Kesinlikle okuyun ve izleyin. Pişman olmayacaksınız
.. ^^
***Ebrar’ın Yorumu***
Çıktığından beri sabırsızlıkla okumayı beklediğim bir
kitaptı Aynı Yıldızın Altında. Seda sayesinde uzunca bekleyişin ardından
okuyabilmiştim. Söylemeliyim ki beni en etkileyen kitaplardan biriydi. John
Green’in anlatımıyla ilerleyen kurgu oldukça etkileyici ve hissedilirdi. Filmin
çıkacağını duyduğumda çok sevinmiştim ve aylar boyunca heyecanla
beklediğimi-zi- söyleyebilirim.
Birçok şeyi beraber yaptığımız gibi bu filme de
Seda ile birlikte gittik ve ciddi şekilde film başlayana kadar yerimizde
heyecandan kıpırdanıp durduk. Ki filmde heyecanımızı boşa çıkarmayıp şahane bir
şekilde kitapta yaşananları bir bir gözümüzün önüne sermişti. Ufak tefek
eksiklikler çarpsa da gözüne yine de genel olarak kitabın tamamen yansımasıydı
izlediklerimiz. Oyuncular karakterlerle uyum içinde ve izleyenleri oldukça
etkiliyorlardı. Ki ilk olarak Seda'nın burun çekişlerini duysam da salondaki
diğer kişilerinde seslerini işite biliyordum. Bir çok yerde, kitapta olduğu gibi, yüzümde sevinçli tebessümlerle izlerken, sona doğru yaklaştığımızda artık buruk bir gülümsemeydi yüzlerimizdeki. İtiraf etmeliyim ki normalde sinemada veya yanımda -Seda hariç- biri varken izlediğim filmde ağlayamıyorken, bu filmde göz yaşlarıma hakim olamadım.

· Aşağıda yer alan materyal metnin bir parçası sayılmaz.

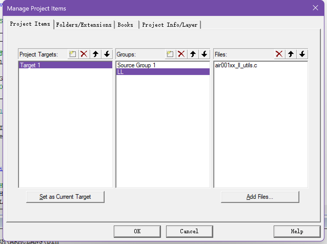 在Keil中添加用到的外设的源文件,一个最小的基于LL库的工程至少需要添加air001xx_ll_utils.c

Genel olarak kitaptaki gibiydi
her şey ve kimi zaman güldürürken kimi zamanda gözyaşlarına boğdu bizi. Zevkle, heyecanla, -sonunu bilmemize rağmen- umutla izlediğimiz bir filmdi. Sizlerinde izlerken hissetmenizi diliyorum. İzleyecek olanlara iyi seyirler.